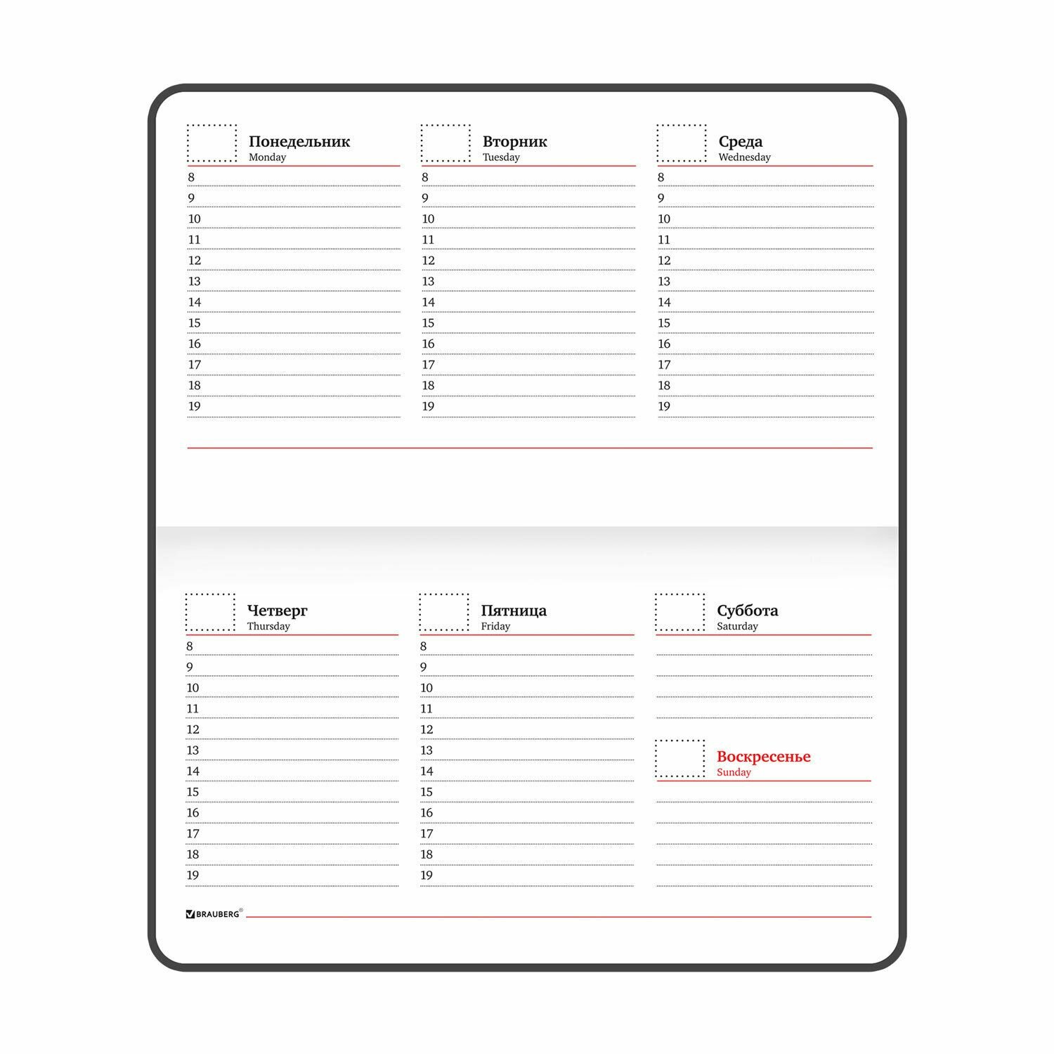 Еженедельник Brauberg недатированный малый формат 95х155 мм А6 "Rainbow", под кожу, 64 л, черный, 114485
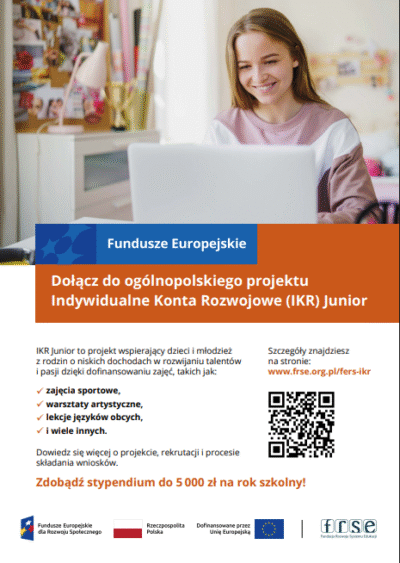 Dołącz do programu Indywidualnych Kont Rozwojowych Junior i zdobądź nawet do 15 tys. zł na rozwój Twoich pasji. Sfinansuj kursy, zajęcia dodatkowe, warsztaty, turnusy rehabilitacyjne i inne inicjatywy, które służą Twojemu rozwojowi. Nabór trwa!
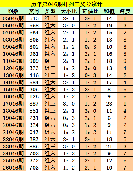 陈设三第2026046期奖号:703,和值10,跨度7,大小比1:2,奇偶比2:1。
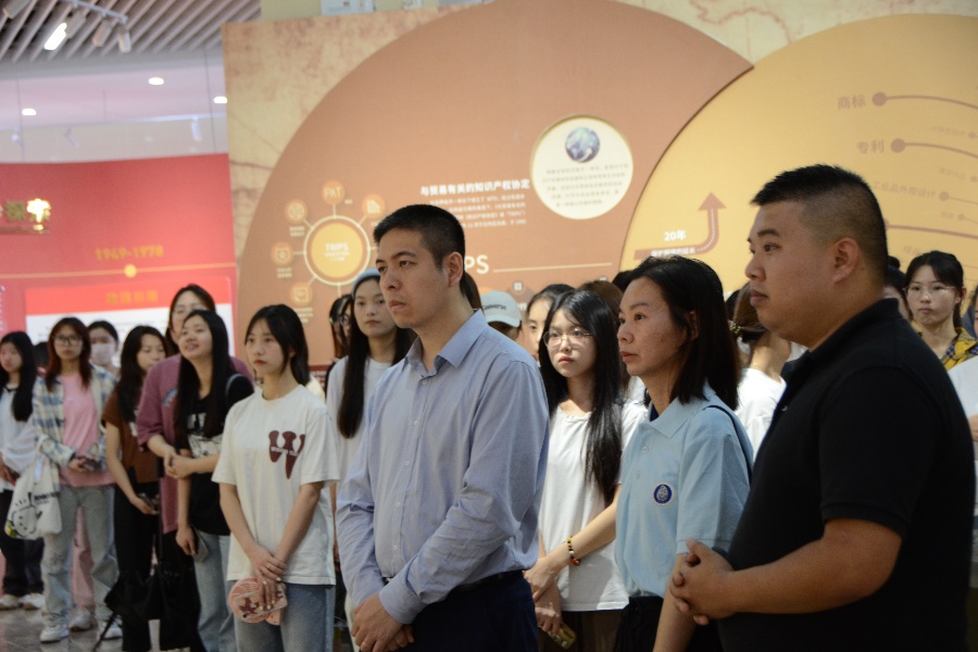 师生们在讲解员的带领下参观国家知识产权局专利局专利审查协作广东中心普法基地,深入了解了知识产权制度的发展历程。讲解员介绍道,经过数百年的实践和发展,知识产权制度逐步深化成为一种激励创新、繁荣文化、促进经济增长的机制,并正成为着国家核心竞争力的重要体现和国际贸易的同行规则。紧接着,讲解员为大家讲解了党领导下的中国特色知识产权发展之路,实施知识产权战略,对于转变我国经济发展方式、提升国家核心竞争力、满足人民群众日益增长的物质文化生活需要,具有重大战略意义。

◇ ◇ ◇ ◇

Everything above from the line containing "Dołącz do programu" down to the line containing "陈设三第2026046期奖号" is to be duplicated exactly, both lines included, and the pictures are to be omitted.

 Dołącz do programu Indywidualnych Kont Rozwojowych Junior i zdobądź nawet do 15 tys. zł na rozwój Twoich pasji. Sfinansuj kursy, zajęcia dodatkowe, warsztaty, turnusy rehabilitacyjne i inne inicjatywy, które służą Twojemu rozwojowi. Nabór trwa!
 陈设三第2026046期奖号:703,和值10,跨度7,大小比1:2,奇偶比2:1。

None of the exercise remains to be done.